In 2024, Alaska’s total commercial king crab harvest was valued at $109.1 million, or 73 percent of the value of all Alaska crab harvested, says Greg Smith, communications director for the Alaska Seafood Marketing Institute. That represented a 14 percent increase over 2023 harvest values. The king crab fishery accounted for 8 percent of Alaska’s total seafood harvest value in 2024, he adds.

Not a true crab, king crabs are Anomura: decapods with eight visible legs and a ninth and tenth hidden near the gills. Alaska boasts four species—golden, blue, scarlet, and red—but it’s the latter that most often comes to mind.

Since 1980, the red king crab fishery as a whole has struggled. Declining populations in different regions have meant limited harvests and closures to allow the fishery to stabilize; some have collapsed and never recovered.
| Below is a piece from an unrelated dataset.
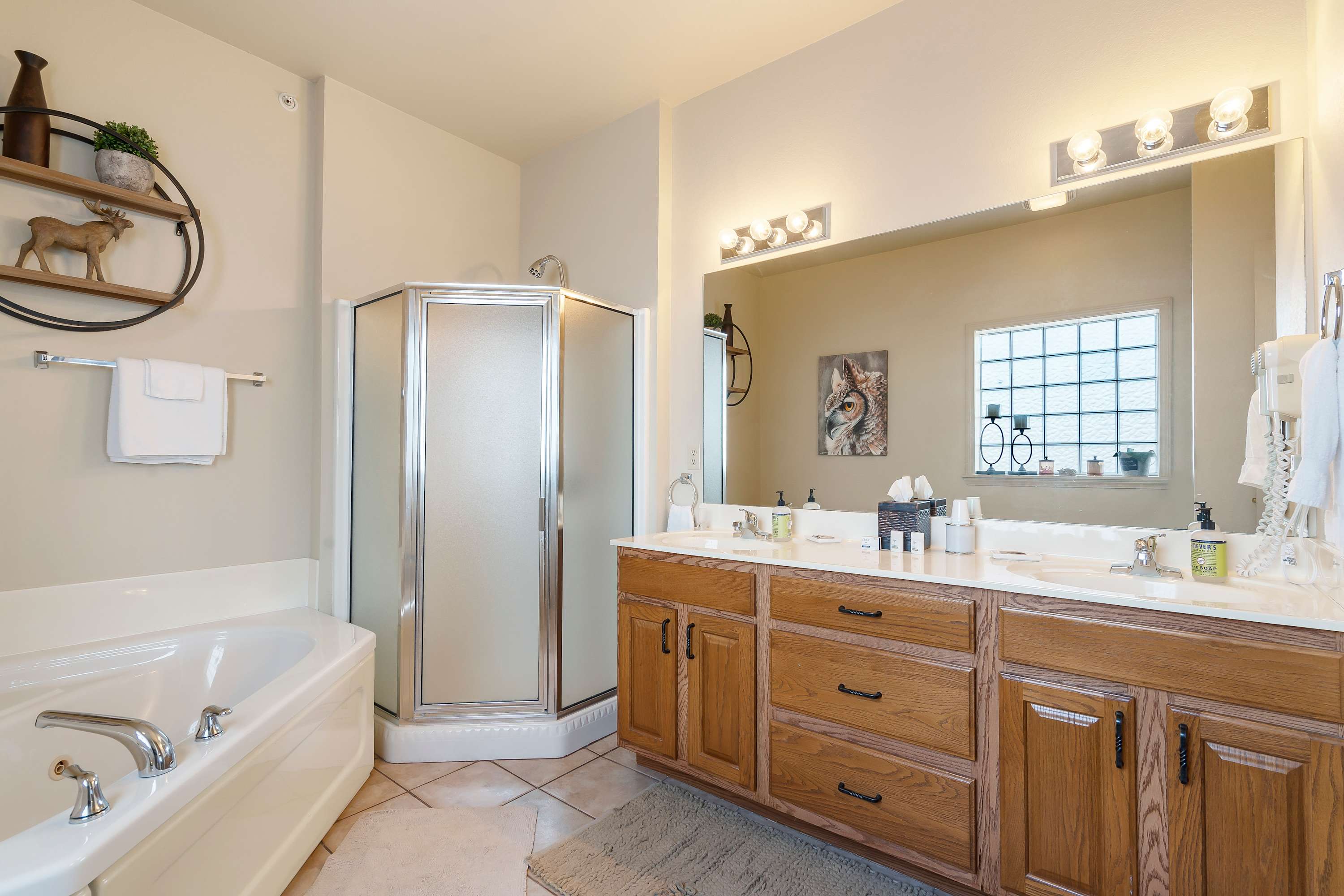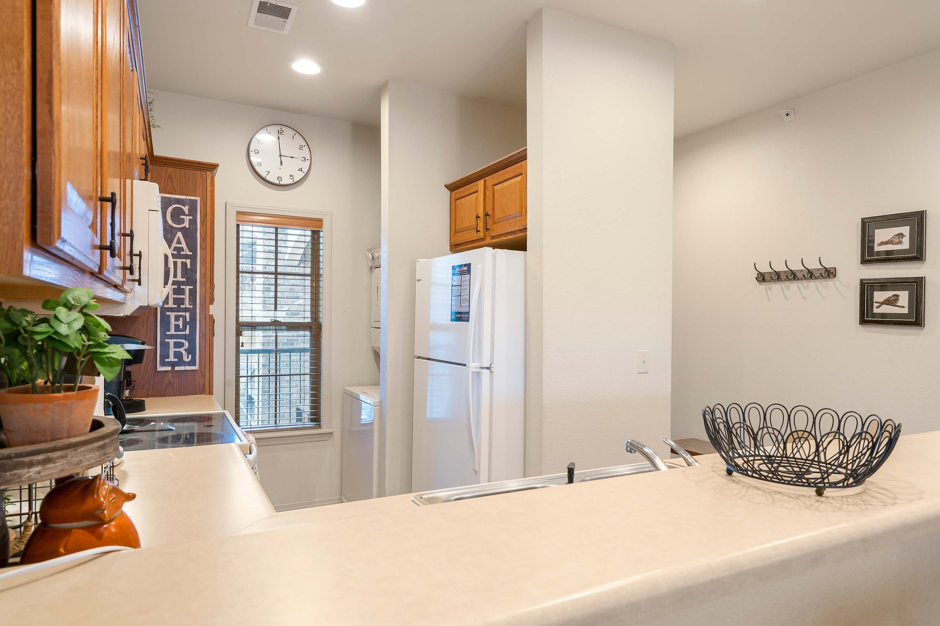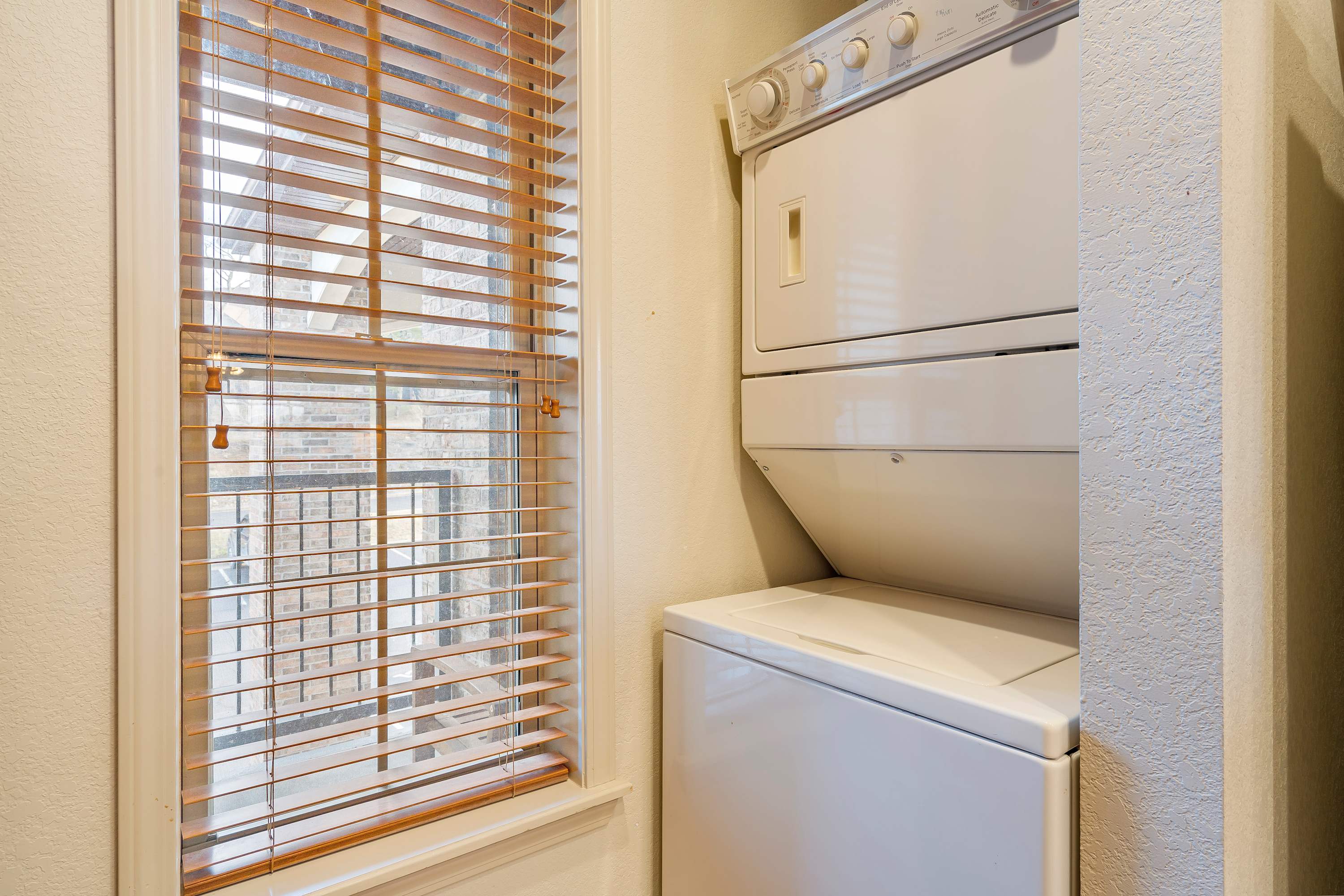 The home’s spacious interior offers comfortable spaces that welcome both relaxation and entertainment, complemented by contemporary furnishings and sophisticated décor. Sink into plush living room sofa seating while you catch up on episodes of your favorite show on the smart TV with cable. Seamlessly blend indoor and outdoor living spaces together by opening the sliding door to the shaded balcony, offering even more options for casual seating while catching up on the day’s adventures. Make your way back inside to the fully equipped kitchen, well stocked with cookware and dining ware for the convenience of whipping up delicious meals right at home. Grab a seat at the counter for a quick breakfast before heading out the door or gather the crew for formal meals at the dining room table, seating 6.

Rather than a single factor, those in the industry point to an amalgam of reasons for the decline as they actively work to find solutions to help stabilize populations and sustain the fishery.

Ebbs and Flows

“Red king crab fisheries went from an exploratory state in the ‘50s to an incredible economic boom in the ‘60s and ‘70s,” says Mike Litzow, program manager of the Shellfish Assessment Program at the National Oceanic and Atmospheric Administration’s Alaska Fisheries Science Center.

Red king crab has historically been Alaska’s top shellfish fishery. Between 1975 and 2018, fishermen harvested nearly 854 million pounds of red king crab, valued at $2.5 billion, from Alaska waters, according to the Alaska Department of Fish and Game (ADF&G). At its peak in 1980, the Bristol Bay red king crab harvest was nearly 130 million pounds. In 1965, the Kodiak Island fishery peaked at 94 million pounds.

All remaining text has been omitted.